Under the study conditions, it was concluded that the test substance was not mutagenic in the Salmonella typhimurium reverse mutation assay and in the Escherichia coli reverse mutation assay.

Executive summary:

A study was conducted to determine the mutagenic potential of the test substance according OECD Guideline 471 and EU Method B.13/14. The substance was tested up to the dose level of 3330 µg/plate in strains TA1535, TA1537, TA98, TA100 and WP2uvrA with (5 or 10% (v/v)) and without metabolic activation (S9-mix). Precipitates, toxicity and mutagenicity were evaluated.
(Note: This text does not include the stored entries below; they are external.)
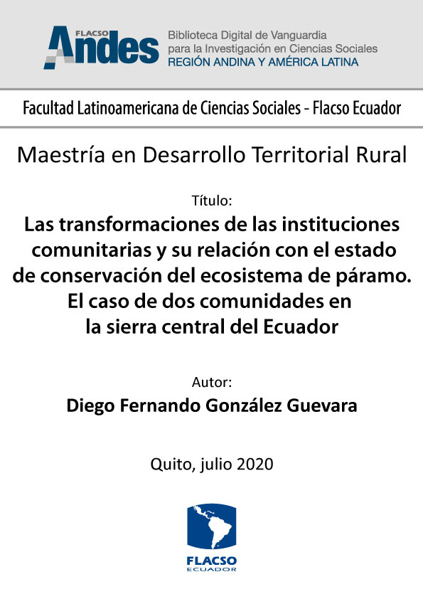 González Guevara, Diego Fernando. 2020. Las transformaciones de las instituciones comunitarias y su relación con el estado de conservación del ecosistema de páramo. El caso de dos comunidades en la sierra central del Ecuador. Tesis de maestría, Flacso Ecuador.
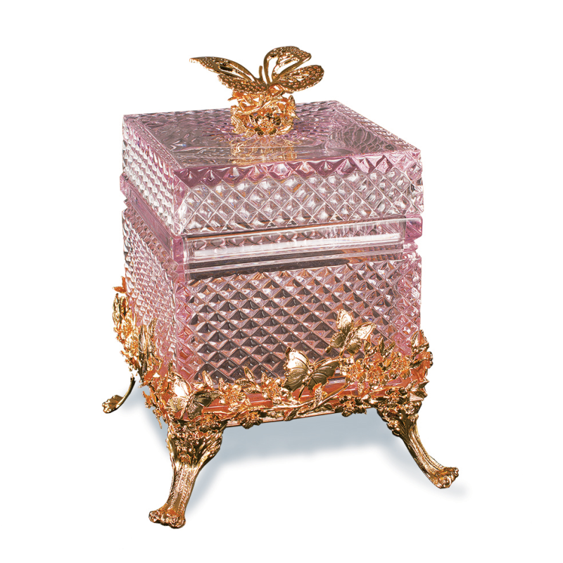 Бабочки из золотистой восковой литой латуни и розового хрусталя.
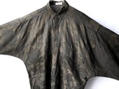 Relaxed silhouette with dropped shoulders and wide sleeves that cover just under half of the body.
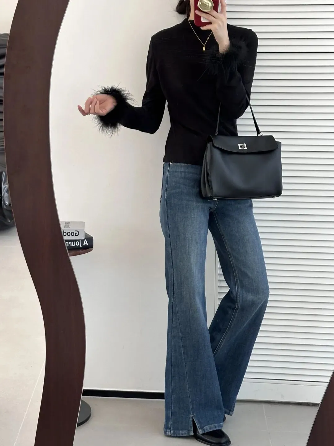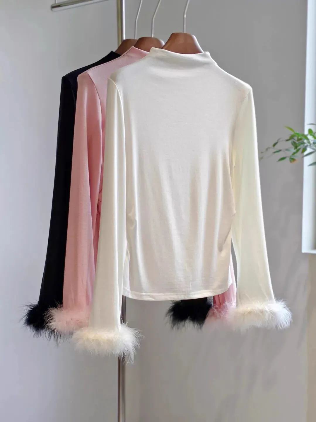 为了搭配的统一性,这次也安排了毛毛袖口的高领打底。

All bacterial strains showed negative responses over the entire dose range, i.e. there was no significant dose-related increase in the number of revertants in two independently repeated experiments. The negative and strain-specific positive control values were within the laboratory historical control data ranges indicating that the test conditions were adequate and that the metabolic activation system functioned properly. Under the study conditions, the substance was not mutagenic in the Salmonella typhimurium and Escherichia coli reverse mutation assays (Verbaan, 2011).